Data:
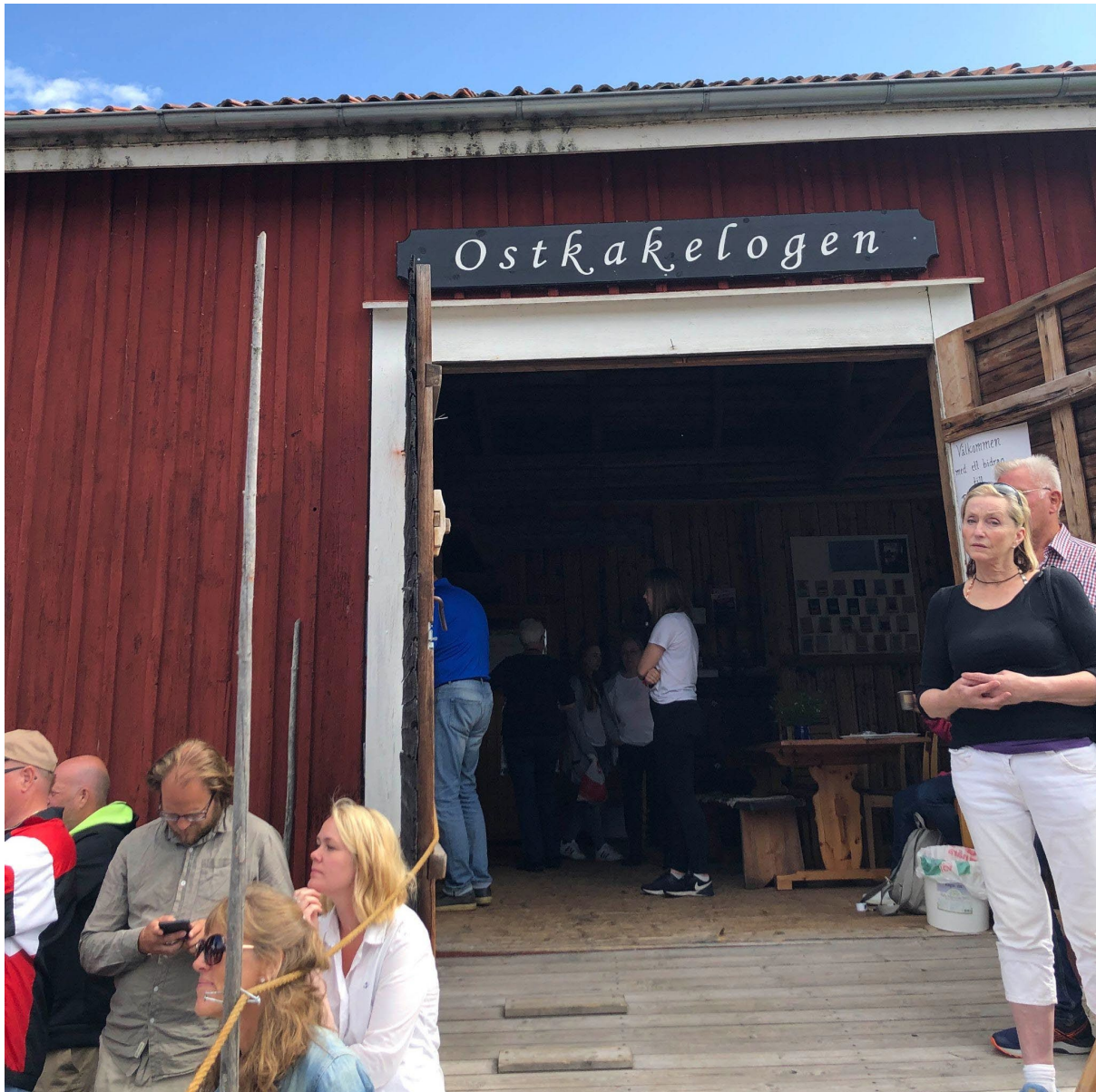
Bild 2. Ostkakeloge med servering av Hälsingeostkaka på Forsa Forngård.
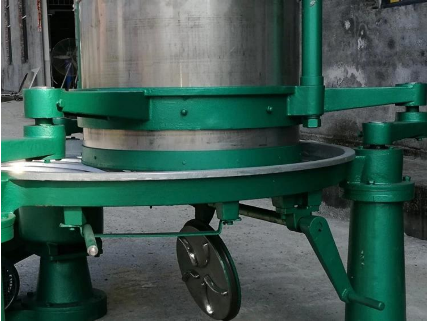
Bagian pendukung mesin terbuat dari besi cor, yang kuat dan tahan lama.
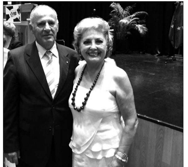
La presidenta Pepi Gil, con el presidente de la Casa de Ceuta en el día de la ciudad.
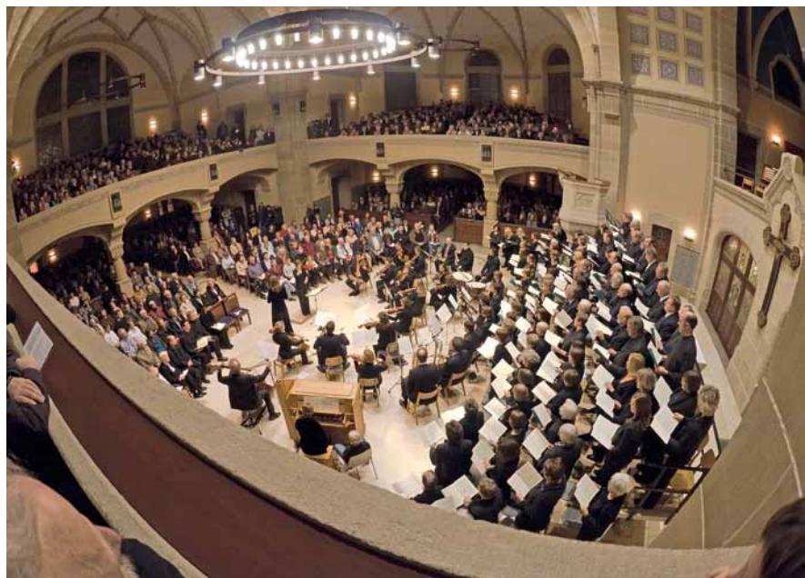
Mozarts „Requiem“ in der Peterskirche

Work instruction: Reproduce the data above in full, exactly, with the images removed.

Task output:
Bild 2. Ostkakeloge med servering av Hälsingeostkaka på Forsa Forngård.
Bagian pendukung mesin terbuat dari besi cor, yang kuat dan tahan lama.
La presidenta Pepi Gil, con el presidente de la Casa de Ceuta en el día de la ciudad.
Mozarts „Requiem“ in der Peterskirche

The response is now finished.